Les jeux vidéo à destination des enfants sont de plus en plus nombreux. Faut-il y voir un risque, ou bien peuvent-ils contribuer à leur éveil ?

Raphael Koster : Le "risque" d'une pratique culturelle, quelle qu'elle soit, n'est pas dépendante de son support, mais bien du contexte social dans laquelle elle se déploie. La question n'est pas "à quoi faut-il jouer?", mais plutôt "comment jouer?", "avec qui?", "quand?"... Ce qui fait l'éveil d'un enfant, c'est son éducation : c'est à dire les modalités de transmission du savoir.
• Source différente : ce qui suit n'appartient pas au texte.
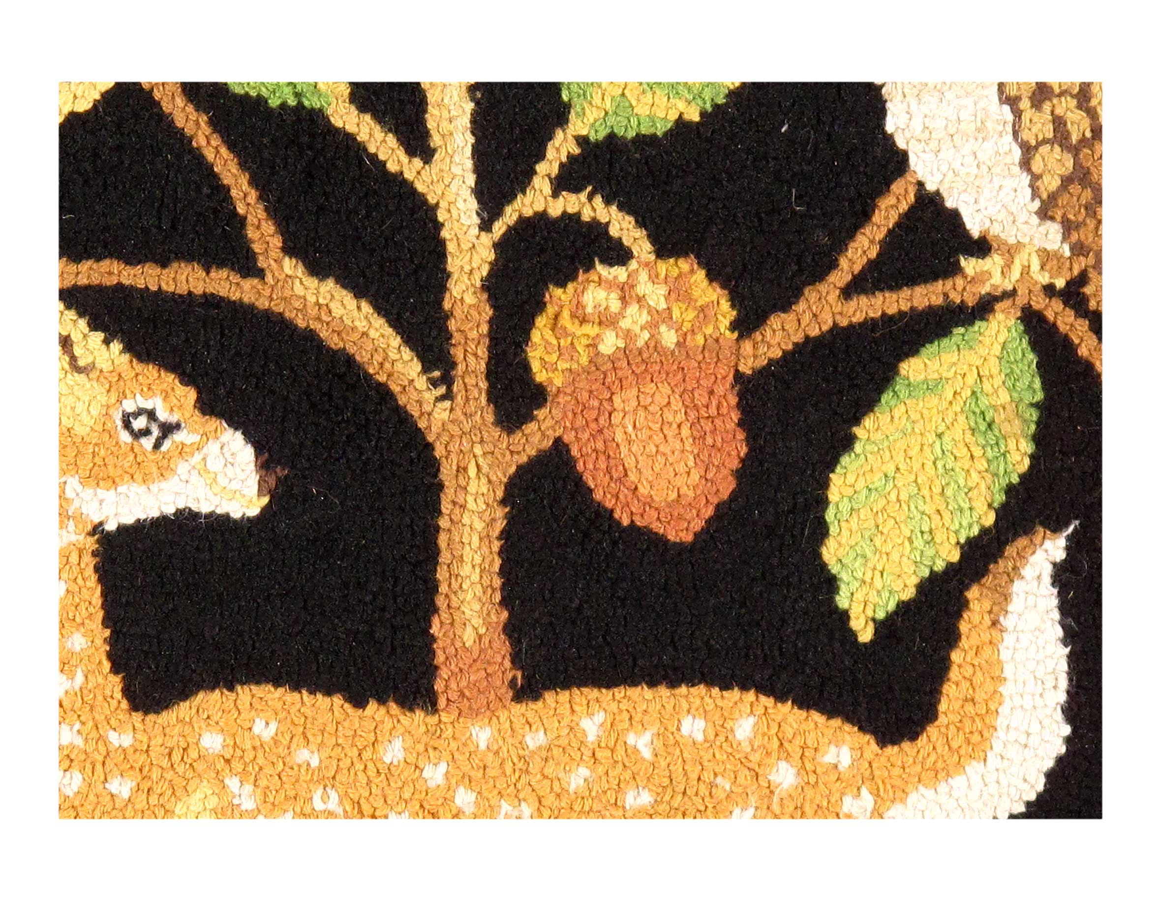 Antique American Hooked Rug, Country of Origin: America, 1920β Paying homage to a vital part of the early American lifestyle, this antique hooked rug detailed bridles and bits. Broad earth-tone borders woven in a combination of black and ecru frame the carpet and accentuate the nubby hooked pile. Simplistic lines and gold details add to the traditional appeal of this American antique .

Laisser un enfant jouer seul au jeu vidéo, sans l'accompagner, ni se préoccuper de ce qu'il fait, c'est perdre l'occasion de faire de sa pratique un moyen de socialisation et de construction en commun de sa sensibilité culturelle. Je joue avec mon fils de 2 ans à des jeux sur Ipad quand nous sommes dans le train. Je veille à choisir ses jeux selon des critères très personnels et intimes qui tiennent à ce que je désire lui transmettre : la musique de l'application "Petites choses", par exemple. J'ai une conception également toute personnelle de ce qui pourrait être "dangereux" pour lui, au sens de trop violent, qui pourrait le heurter sur le moment. Mais il grandit vite, et ces critères évoluent au fil de ce qu'il est capable de faire et de comprendre dans son approche du jeu. Le plus important est de rester en contact avec cet apprentissage, voire même de l'initier et de l'encourager, pour que le jeu vidéo demeure une activité sociale qui intègre aussi la cellule familiale.